When i wear combats i have a shoulder flash that goes on my right arm, on it it says "Queens Own Cameron Highlander Cadet"
Then under that it has my rank.


----------



## LordOsborne (16 Mar 2005)

Sig Bloggins said:
			
		

> Are you sure about that? I highly doubt being a staff cadet and being a member of the reserves is the same thing. Are they a sworn member of the CF? In a reserve unit? Didn't think so.
> 
> From what I understand, staff cadets are only issued a SN for administrative purposes, ie. for pay.

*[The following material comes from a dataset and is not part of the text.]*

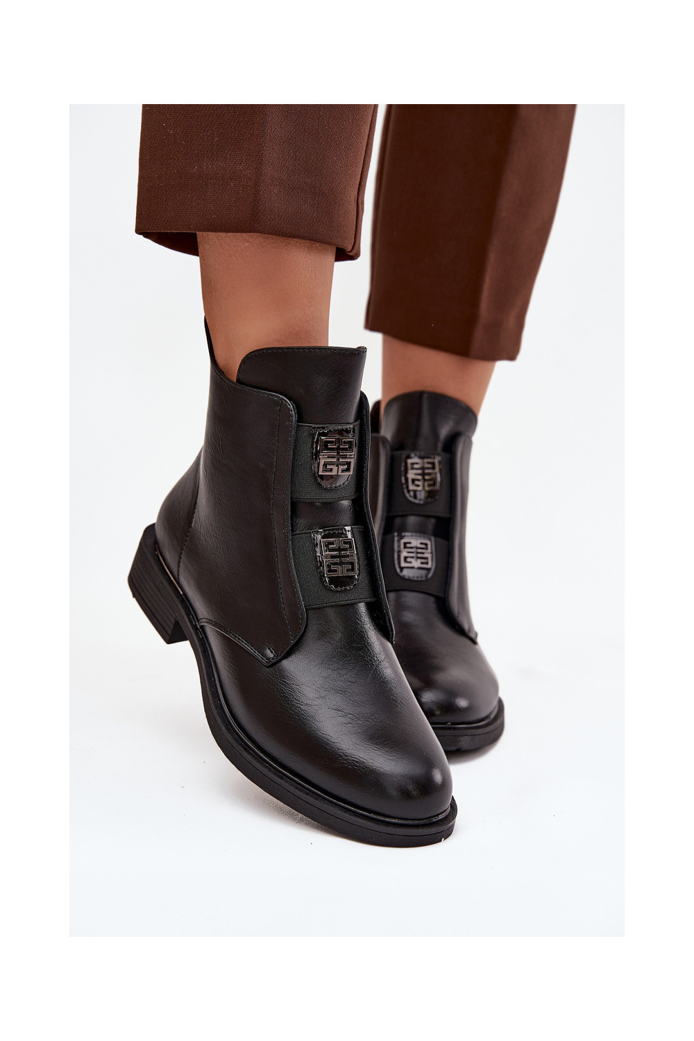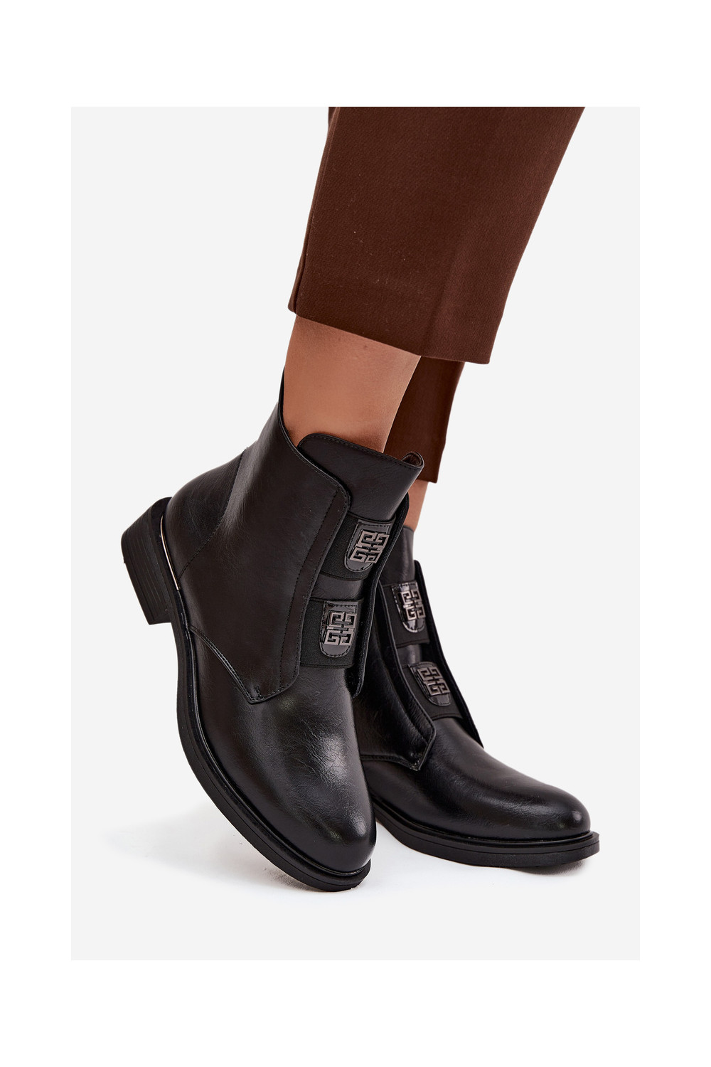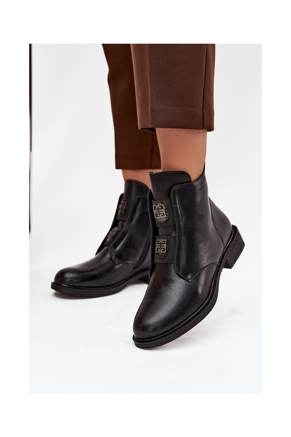 Naiste saapad madalal kontsal kaunite detailidega, soojustatud, musta värvi Tavressa

You hit it on the nail, Sig Bloggins. This is why i regard it as a "technicality". when i was the S/Comd of my unit, i had a lot of my NCOs returning from staff coming to field exercises with maple leafs on their combats. My CO wasn't sure what to do, so i played it safe and had them remove their flags. some of my NCOs tried to argue that having a SN meant they were CF members (technically true, again.. but only because cadets are a part of the "cf family"  ;D ), but i refuted their arguments using your very same points. 

cheers,
pat


----------



## ouyin2000 (16 Mar 2005)

-Hutch- said:
			
		

> by epaulet's you mean slip ons right?     slip ons are what you wear that show your rank the epaulets are what you slid the slip on into that are on your uniform.


i think you got mixed up

the epaulette is the actual material that is sewn into the shoulder seam and buttons at the top

the Rank Slip On is the material that slides over top of the epaulette, and displays your ranks and says CADET on it


----------



## LordOsborne (16 Mar 2005)

ouyin2000, i think that's exactly what he said...


----------



## Burrows (16 Mar 2005)

You don't need to play soldier because you arent a soldier...Why not be happy with what you've got?


----------



## Sh0rtbUs (16 Mar 2005)

2332Piper said:
			
		

> Just curious, why are some cadets so eager to be associated with the CF in the respect that 'well, I'm *technically* a CF member/employee while I'm at camp" etc etc? Whats the big deal? Your a cadet, working as a cadet, for cadets. You don't *work* for DND as a staff cadet, you work for cadets. Your pay comes through the RCSU pay office, not from RPSR or the reg force pay system. Just curious.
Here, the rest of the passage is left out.